The effect of Semaglutide on mitochondrial function and insulin sensitivity in a myotube model of insulin resistance.

Aims: Semaglutide (SEMA) is a glucagon-like peptide-1 receptor agonist (GLP-1RA) that has recently emerged as a popular pharmacological treatment for type 2 diabetes and insulin resistance due to its weight loss properties. Previous studies have examined the metabolic effects of SEMA using supra-pharmacokinetically (but not pharmacokinetically attainable) concentrations. The aim of the present study was to determine the metabolic effects of pharmacokinetically attainable levels of SEMA on mitochondrial function and metabolism, which are often reduced during insulin resistance.

Methods: C2C12 myotubes were treated for 24 h with SEMA at 10 nM which approximates pharmacokinetically attainable blood concentrations in vivo. Metabolic gene expression was measured using qRT-PCR. pAkt expression was assessed using Western blot. Seahorse metabolic assays were also used to measure mitochondrial and glycolytic metabolism. Fluorescent staining was used to assess mitochondrial and lipid content.

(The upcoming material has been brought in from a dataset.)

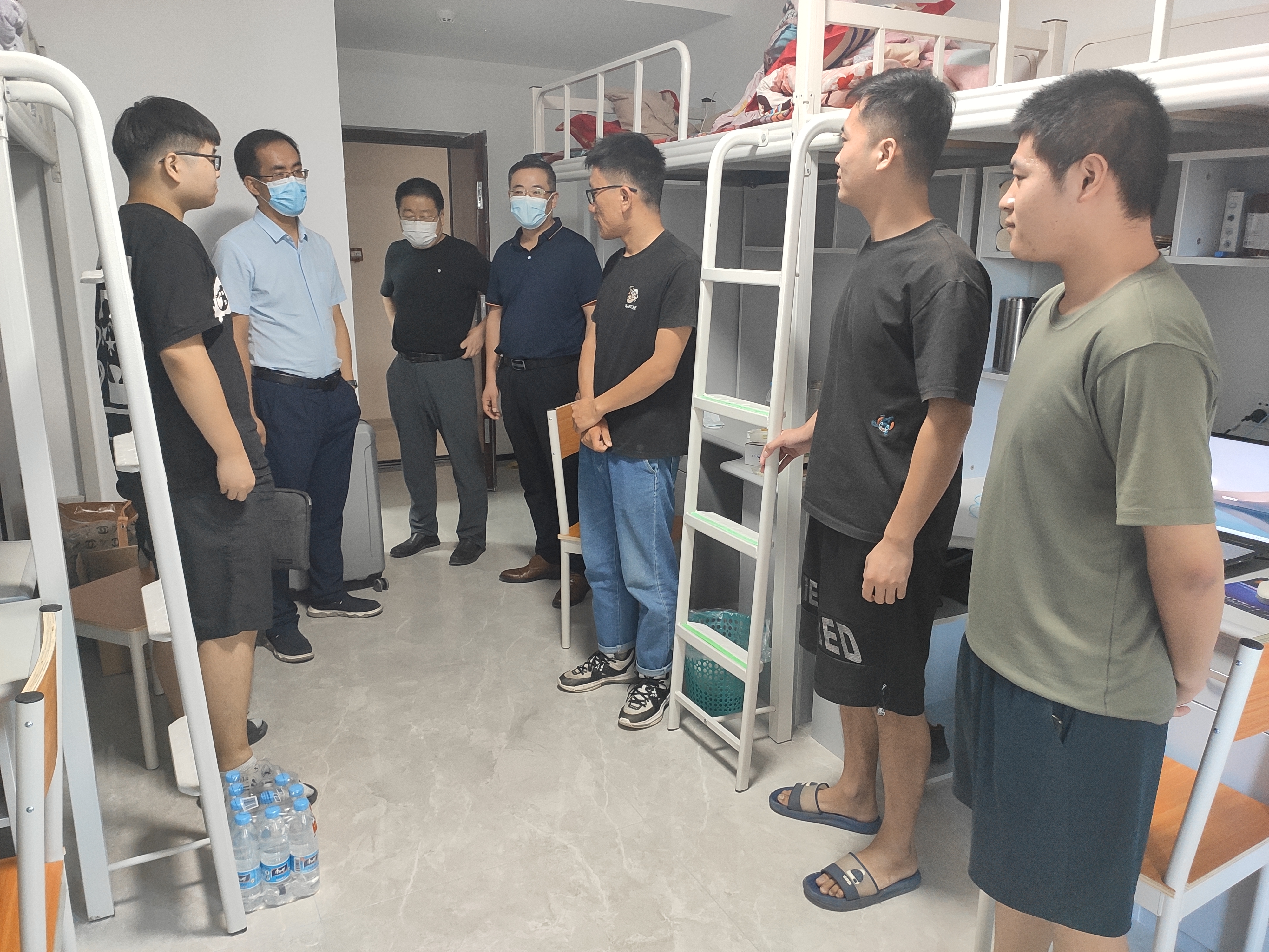 在走访中,学院领导老师与同学们亲切交流,详细询问了同学们的报到情况、对宿舍环境的适应程度、生活上是否遇到什么问题以及毕业院校专业学习情况等。叮嘱同学们要注意加强返校后的个人防护,保持良好心态,及时向家人报平安,让家人放心。同时提醒大家,在疫情防控常态化背景下,希望各位同学理解并自觉遵守学校疫情防控管理规定,涵养良好心态,做好防护工作,按时参加核酸检测,在学习和生活中遇到问题及时向老师寻求帮助;同时,鼓励大家明确未来规划,提高抗压能力,锤炼过硬本领,度过充实的研究生生活。

Results: Treatment with SEMA did not alter mitochondrial function, content, or related gene expression. Similarly, SEMA had no significant effect on glycolytic metabolism or related gene expression, nor did it alter cellular lipid content or lipogenic signaling.

Conclusions: High concentrations of SEMA may promote mitochondrial function during in vitro experiments, however the findings from the present report suggest pharmacokinetically attainable levels of SEMA do not alter myotube metabolism or expression of related molecular targets. Disparities in the present report and past observations may be a result of the lower concentrations of SEMA used in the present experiments. Further in vivo studies will be necessary to elucidate the full metabolic effects of SEMA on skeletal muscle.